It’s Complicated – Reflections on Fourteen Years of Marriage

Yesterday was our anniversary. My husband and I listed to Poison and Wine by the Civil Wars last night. It’s a poignant song for couples of long term, loving, complicated marriages.

I don’t have a choice, but I still choose you.

Our marriage is strong, and our genuine love and appreciation of each other is solid. It’s actually quite life giving to me. Yet … it is complicated.

We have personality issues. We have gender issues (men really ARE from Mars, I am convinced). And we most certainly have sin issues. From multiple angles, the goal of two distinctly different people coming together to live as one seems hopeless without supernatural help. But somehow, when the Spirit enters the picture, the whole of our marriage becomes much more than the sum of its parts. It is indeed supernatural.

Love is the gas and grace is the oil that keeps the distinct moving parts of our marriage working together without the type of friction that destroys the machine. But there is a another analogy that may better reflect my experience in my own marriage. It’s a rock tumbler – that thing that takes dull crushed rock and turns it into beautiful gemstones.

Some couples seem to be intrinsically unified about an unusual number of topics. They just think the same. That’s completely foreign to me, because my husband and I come to almost every topic from very different angles. Yet, we have both noted how UTTERLY NECESSARY our distinct differences were to becoming the people we are today. “You make me want to be a better man,” Jack Nicholas says in As Good As It Gets. And that has been our experience. The differences have shaped and polished us.

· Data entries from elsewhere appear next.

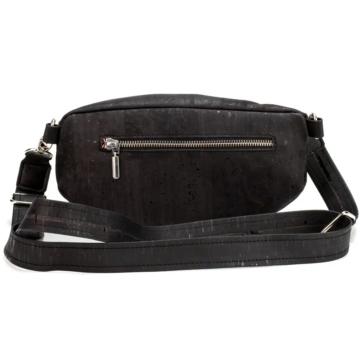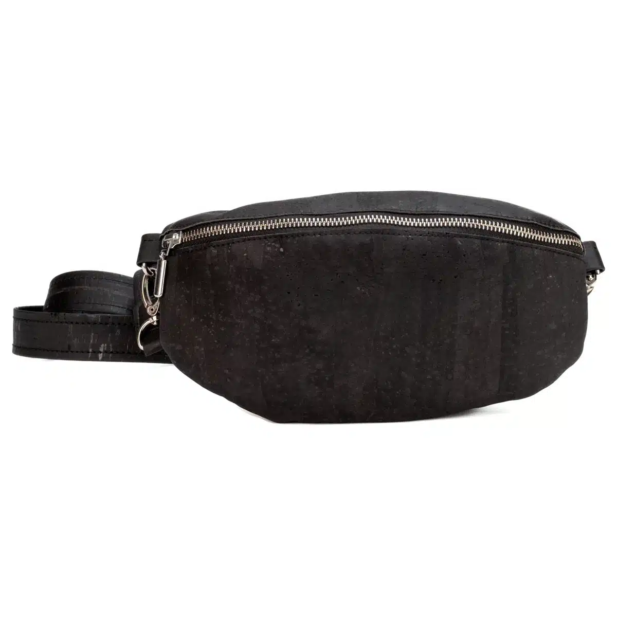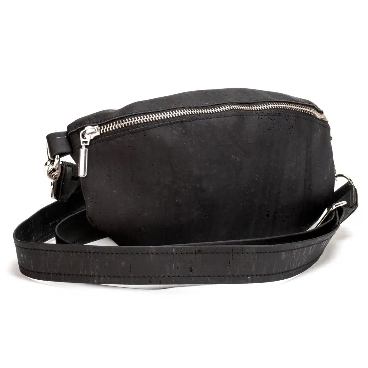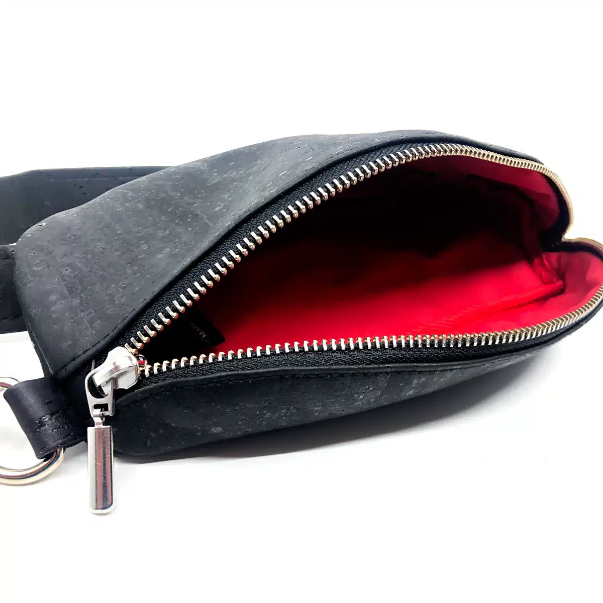 Brusttasche aus Kork «Black» von Artelusa mit Reissverschluss sowie rotem Innenleben.
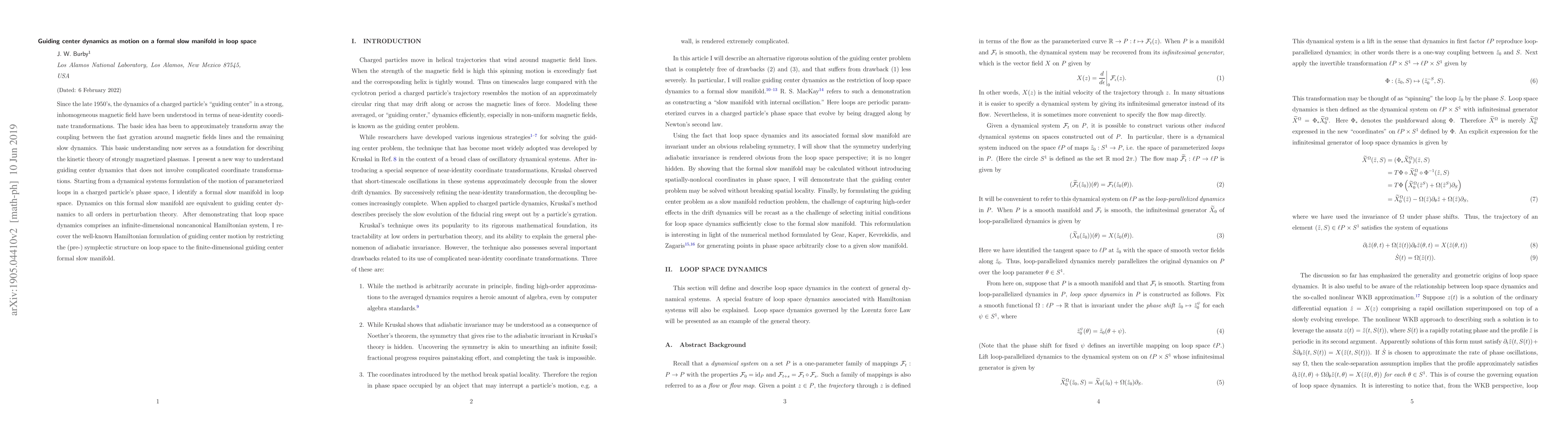 Since the late 1950's, the dynamics of a charged particle's ``guiding center" in a strong, inhomogeneous magnetic field have been understood in terms of near-identity coordinate transformations. The basic idea has been to approximately transform away the coupling between the fast gyration around magnetic fields lines and the remaining slow dynamics. This basic understanding now serves as a foundation for describing the kinetic theory of strongly magnetized plasmas. I present a new way to understand guiding center dynamics that does not involve complicated coordinate transformations. Starting from a dynamical systems formulation of the motion of parameterized loops in a charged particle's phase space, I identify a formal slow manifold in loop space. Dynamics on this formal slow manifold are equivalent to guiding center dynamics to all orders in perturbation theory. After demonstrating that loop space dynamics comprises an infinite-dimensional noncanonical Hamiltonian system, I recover the well-known Hamiltonian formulation of guiding center motion by restricting the (pre-) symplectic structure on loop space to the finite-dimensional guiding center formal slow manifold.
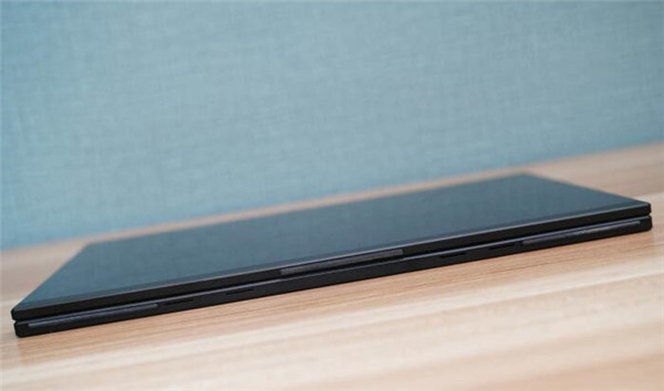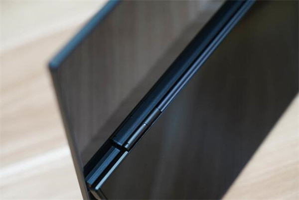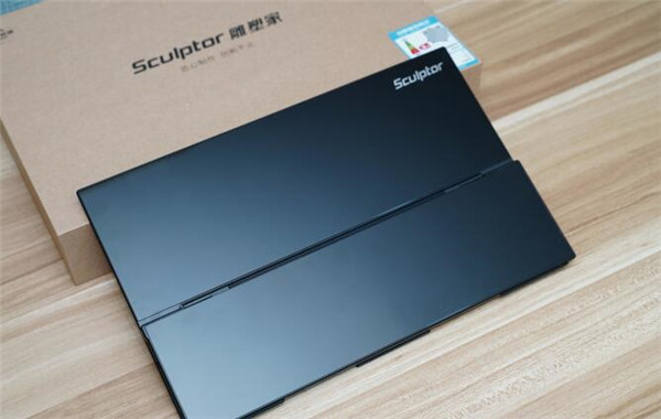 显示器背面采用了亮面烤漆处理,让整体多了一丝高级感,右上角是雕塑家的LOGO。航空铝合金中框材质轻质又坚固,它的尺寸为298x205x4mm,折叠底座厚12.8mm,重量约为780g,轻薄又便携,和13.3寸的笔记本装在一个包里,也十分方便,走到哪用到哪。
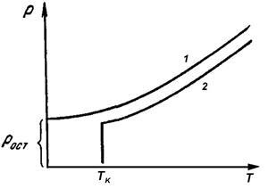У большой группы металлов и сплавов при температуре порядка нескольких градусов Кельвина сопротивление скачком обращается в нуль (кривая 2

Sometimes, the differences caused resentment. Sometimes I in particular have chafed against them. Life would be so much easier if we naturally thought alike, wouldn’t it?! Easier, yes. But I’m coming to embrace and value what the struggles have meant for my transformation. For my polishing. Yes, our fourteen years have had their share of struggles that felt like rocks bashing against each other. Yet on the other side, we have transformed in the tumbler. 

It’s complicated. And it’s not easy. But it is good. And THAT is a supernatural working of a 3rd party, who is in our marriage though so often undetected. He has made us much more than the sum of our parts.